• [Task statement]
Repeat exactly what runs from the line containing "The powerful hand-held" through the last line of the material below. Do not copy the pictures.

• [Data below]
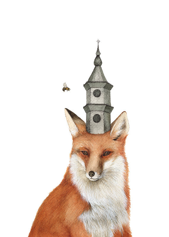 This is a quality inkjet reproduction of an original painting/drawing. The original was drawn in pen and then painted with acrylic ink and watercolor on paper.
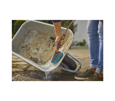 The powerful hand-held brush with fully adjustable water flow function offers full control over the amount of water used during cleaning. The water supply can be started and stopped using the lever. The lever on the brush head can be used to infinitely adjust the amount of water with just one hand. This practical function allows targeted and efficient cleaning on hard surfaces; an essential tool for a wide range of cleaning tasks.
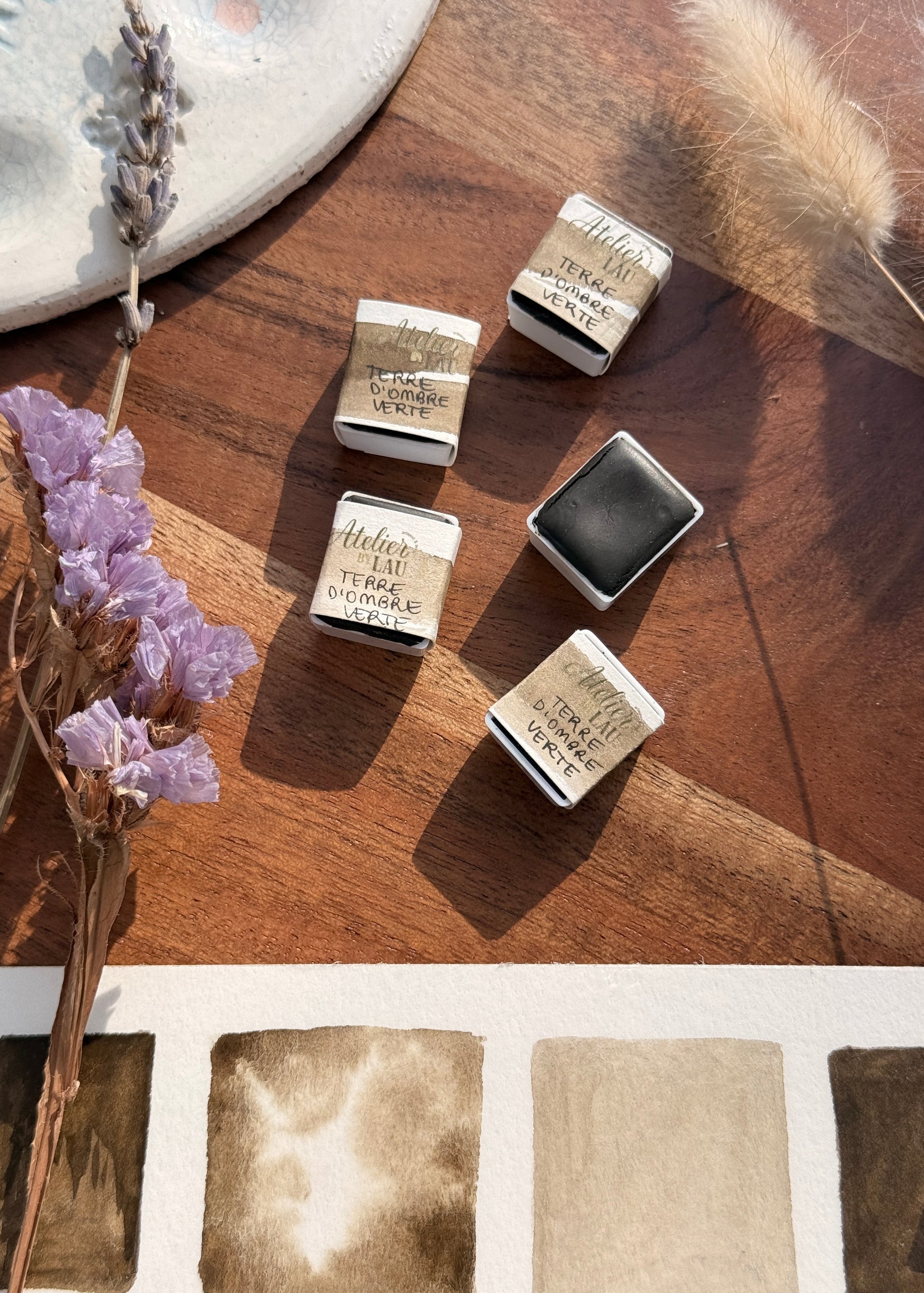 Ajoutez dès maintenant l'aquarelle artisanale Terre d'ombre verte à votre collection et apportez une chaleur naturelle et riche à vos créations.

• [Answer section]
 The powerful hand-held brush with fully adjustable water flow function offers full control over the amount of water used during cleaning. The water supply can be started and stopped using the lever. The lever on the brush head can be used to infinitely adjust the amount of water with just one hand. This practical function allows targeted and efficient cleaning on hard surfaces; an essential tool for a wide range of cleaning tasks.
 Ajoutez dès maintenant l'aquarelle artisanale Terre d'ombre verte à votre collection et apportez une chaleur naturelle et riche à vos créations.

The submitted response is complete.